MBA Finds Specialists Beat Profit Margins of Giant Lenders in '96

Heavy competition continues to separate the wheat from the chaff in mortgage lending profitability, with specialized firms beating out the lending giants.

According to a survey released at the Mortgage Bankers Association of America annual convention here, the variance among profit margins in 1996 increased more than 30% from the year before-meaning that some firms are increasingly successful, while others are falling by the wayside.

"We're seeing more winners and losers," said Tiffany Rowan, assistant economist for the MBA. "What this is going to mean in the future is we'll see more companies exit the industry, merge with others, or outsource" their mortgage operations, she said.

In addition, the MBA's "Profit Trends in Mortgage Banking" study found that the largest loan producers were the least profitable. Lenders who originated more than $4 billion in loans last year had an average profit margin of only 7.1%, versus an industrywide average of 13.3%.

The next tier of lenders, those who originated $1 billion to $3.9 billion per year, was the most profitable, with average profit margins of 23.3%.

On the servicing side, midrange was better than supersized, the survey found. Servicers with more than $10 billion in volume had the smallest profit margin, at 6.9%, while those with $1 billion to $10 billion in loans enjoyed profit margins of more than 25%.

Expanding into new areas is one of the best ways to increase profitability, Resource Bancshares Mortgage Group CEO Edward J. Sebastian told lenders. "If you're going to rely solely on A business, you have to keep doubling and tripling" volume to keep up profitability, he said.

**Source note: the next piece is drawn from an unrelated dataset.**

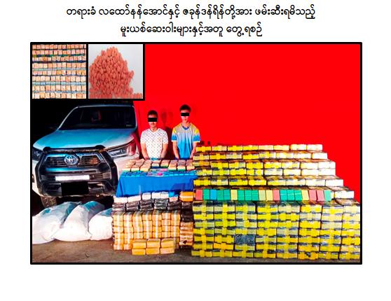 ဖြစ်စဉ်မှာ လုံခြုံရေးတပ်ဖွဲ့ဝင်များပါဝင်သော ပူးပေါင်းအဖွဲ့သည် အောက်တိုဘာလ ၃၀ ရက် မွန်းလွဲ ၂ နာရီ ၃၀ မိနစ်ခန့်တွင် ဝိုင်းမော်မြို့နယ်၊ နတ်မြစ်ခတံတားအနီး၌ သတင်းအရ စောင့်ဆိုင်း စဉ် လထော်နန်အောင်(ဘ) ဦးလထော်ပေါလု မောင်းနှင်ပြီး ဇခုန်ဒန်ရိန်(ဘ) ဦးဇခုန်ထွန်းဒန် လိုက်ပါလာသော TOYOTA HILUX REVO မော်တော်ယာဉ်အား ရပ်တန့်စစ်ဆေးရှာဖွေရာ ယာဉ်ပေါ်မှ ဘိန်းဖြူ ၄၇ ဒသမ ၅၂ ကီလို (ခန့်မှန်းတန်ဖိုး ငွေကျပ် ၁ ဒသမ ၁၈၈ ဘီလီယံ)နှင့် စိတ်ကြွဆေးပြား ၇ ဒသမ ၈ သိန်း(ခန့်မှန်းတန်ဖိုးငွေကျပ် ၁ ဒသမ ၁၇ ဘီလီယံ) စုစုပေါင်း ခန့်မှန်းတန်ဖိုးငွေကျပ် ၂ ဒသမ ၃၅၈ ဘီလီယံတန်ဖိုးရှိ မူးယစ်ဆေးဝါးများကို ဖမ်းဆီးရမိခဲ့ကြောင်း သိရှိရသည်။

Instead, Resource moved into subprime lending this year to boost margins. "We're adding A-minus and B paper to maintain our 25% (profit) growth rate," Mr. Sebastian said. "Eighty percent of that production comes from brokers and correspondents, which is a natural fit."

The company also bought subprime originator Meritage Mortgage in April. Its monthly production reached $30 million in August.

Additionally, Resource Bancshares is adding equipment leasing and commercial mortgage lending to its product line to keep profit growth stable. Although mortgage companies may have ignored it in recent years, "commercial mortgage lending is back," Mr. Sebastian said.

Expenses increased more than 49% for all lenders surveyed, the study found, to an average of about $57.1 million in 1996. Companies' move toward automated systems played a factor in this increase, Ms. Rowan said. But an increase in average revenue almost completely offset this spending boom- revenue increased 48% in 1996, to $63.1 million, the survey found.

Profit margins overall fell slightly for the year, the MBA survey found.

The average profit margin for the 213 lenders surveyed was 13.3%, down from 14.6% in 1995. This seems to contradict another MBA survey released earlier this month; according to the "1996 Cost Survey," profit margins of lenders surveyed increased to 12.3% in 1996, from 9.9% in 1995.

Ms. Rowan attributed the disparity to the lenders studied. The "Cost Survey" looked at a range of lenders, she said, while the profitability survey focused on the larger ones.